Closed christianherweg0807 closed 1 year ago
Hey @christianherweg0807 , thanks for raising this issue!
I agree, the current check we have in place doesn't look correct. I like your suggestion of checking running hours, but I'm not sure if the current aws_vpc_nat_gateway
table has this information, as it's not returned by the NAT gateway APIs.
Do you know of any way, in the console or API, to check for a NAT gateway's running hours, or any other metric that can help indicate if it's in-use or not?
CloudWatch, AWS monitoring service can be used monitor a NAT gateway via information it collects from the specified NAT gateway. This information is collected and presented in readable metrics at 1 minute intervals and are stored for 15 months. We could uses BytesOutToDestination metric to determine if a NAT Gateway is considered unused or not.
e.g. A NAT gateway is considered unused if the value of BytesOutToDestination is 0 for the last 7 days.
@cbruno10 : Is this a proper way, that we could implement in steampipe?
I have a similar issue where the dashboard is reporting my NATG as being stopped, but it is active and working. In querying directly, I see that the "state" from aws_vpc_nat_gateway is "available", and the join on aws_ec2_instance for instance_state is "stopped". The issue is the NATG is not being used by an EC2 instance but is used by Lambda. This may or may not be the right NATG use case or strategy, but it shows a discrepancy in the query. Please advise if I should open a new issue or if this is OK to keep here.
edit: provide the link where AWS recommends the NATG for Lambda access to internet
'This issue is stale because it has been open 60 days with no activity. Remove stale label or comment or this will be closed in 30 days.'
This issue is stale because it has been open 60 days with no activity. Remove stale label or comment or this will be closed in 30 days.
@christianherweg0807 @wedwardbeck, I apologize for the lack of communication regarding this matter.
I have investigated various service properties we get from API responses, such as Nat Gateway, Subnet, Route table, and EC2, to determine if they can provide the necessary information. However, could not find a way to map the resources in the associated private subnet, which is actively using the NAT gateway.
We can create a metric table for VPC NAT Gateway based on your suggestion. Reference: GitHub - turbot/steampipe-plugin-aws.
Q. The value of BytesOutToDestination refers to the amount of outbound traffic from the NAT gateway to the destination. However, should we consider it unused if there is no outbound traffic during a specific period, such as the last seven days?
@cbruno10 Could you please share your thoughts on the above?
@bigdatasourav For the BytesOutToDestination
metric, would this metric return > 0 even if the NAT Gateway isn't in use, i.e., is a NAT gateway used in the background somehow even if not in "active" use? If it doesn't reliably return 0 when the NAT gateway is in use, it could be difficult to use reliably.
I would assume in my case that when the lambda is not running, it would show no outbound traffic. Technically the NATG is not in use when the lambdas are not invoked, but the lambdas are assigned to the NATG and depend on it being available.
@cbruno10, BytesOutToDestination metric returns 0 when it is not in use. Tested the scenario with EC2 -
When I use the instances, the BytesOutToDestination metric is > 0; else, it is 0.
Should we create a table for this metric?
@bigdatasourav We have a similar request for adding a new metric in https://github.com/turbot/steampipe-plugin-aws/issues/1829#issuecomment-1632598504, though I'm not sure it would work as there maybe quals issues. If that is still a blocker for using the CloudWatch metric data point tables we have, I think yes, let's go ahead and create the separate table for now.
Hey @christianherweg0807 and @wedwardbeck, We have updated the query of the vpc_nat_gateway_unused control; the query will now check the BytesOutToDestination metric value for the 5-minute intervals for the most recent five days.
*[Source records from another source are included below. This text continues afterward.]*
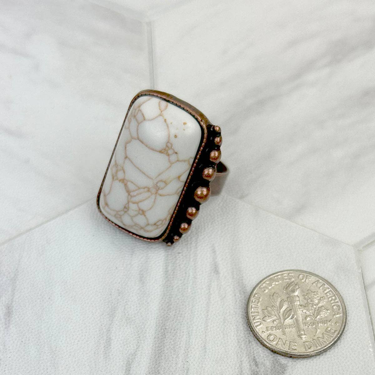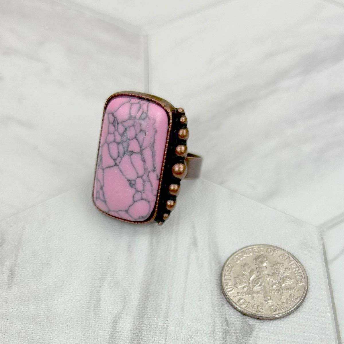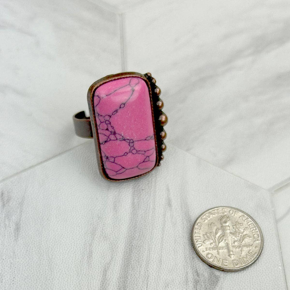 Copper metal with blue turquoise rectangle stone adjustable Ring
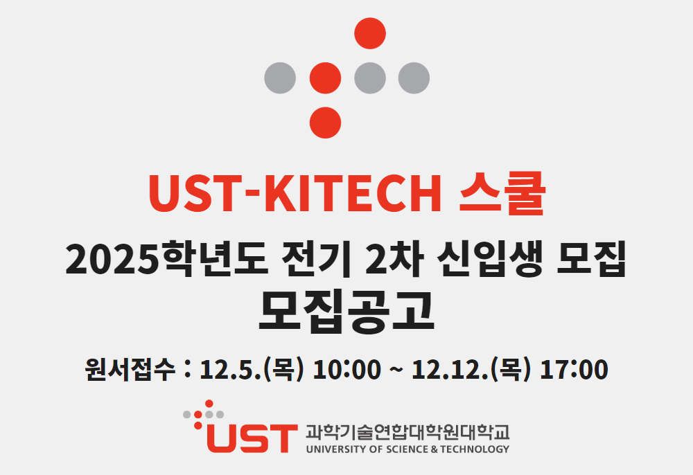 2025학년도 UST-KITECH스쿨 전기 2차 신입생 모집공고(~12/12)
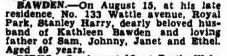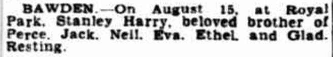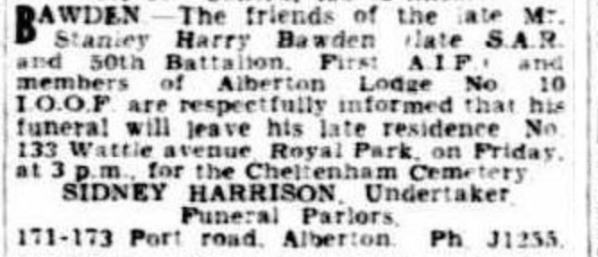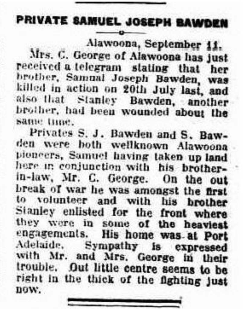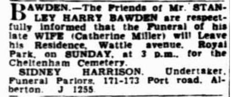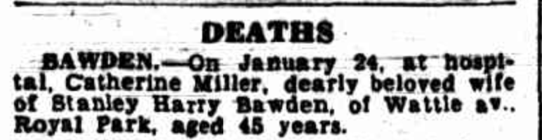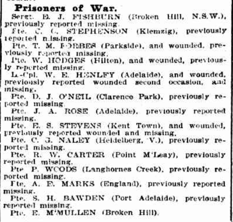 “Australian Town and Country Journal” (Sydney, NSW), Wednesday 18 July 1917, page 43 (extract from “Australian Casualties/South Australia”) [Trove].“Mail” (Adelaide, SA), Saturday 24 January 1942, page 13 (“Funeral Notices”) [Trove].“Adelaide Chronicle” (SA), Thursday 29 January 1942, page 19; also published in “Advertiser” (Adelaide SA), Monday 26 January 1942, page 12 [Trove].

If the total value is 0, we can say that the nat gateway is unused.
We will release the PR soon; in the mean time request you try the control and share your feedback. Here are the steps you need to follow -
This query tries to find unused nat gateways. In words:
Every NAT Gateway with a subnet_id that is not used by any EC2 instance ist unused.
See: https://github.com/turbot/steampipe-mod-aws-thrifty/blob/81ae62502277011cdb2b1d7b587f1a89c97bbc9b/query/vpc/vpc_nat_gateway_unused.sql#L20 https://github.com/turbot/steampipe-mod-aws-thrifty/blob/81ae62502277011cdb2b1d7b587f1a89c97bbc9b/query/vpc/vpc_nat_gateway_unused.sql#L29
That's imo not correct for multiple reasons:
A solution could be to find NAT gateways without transfer costs, but running hours?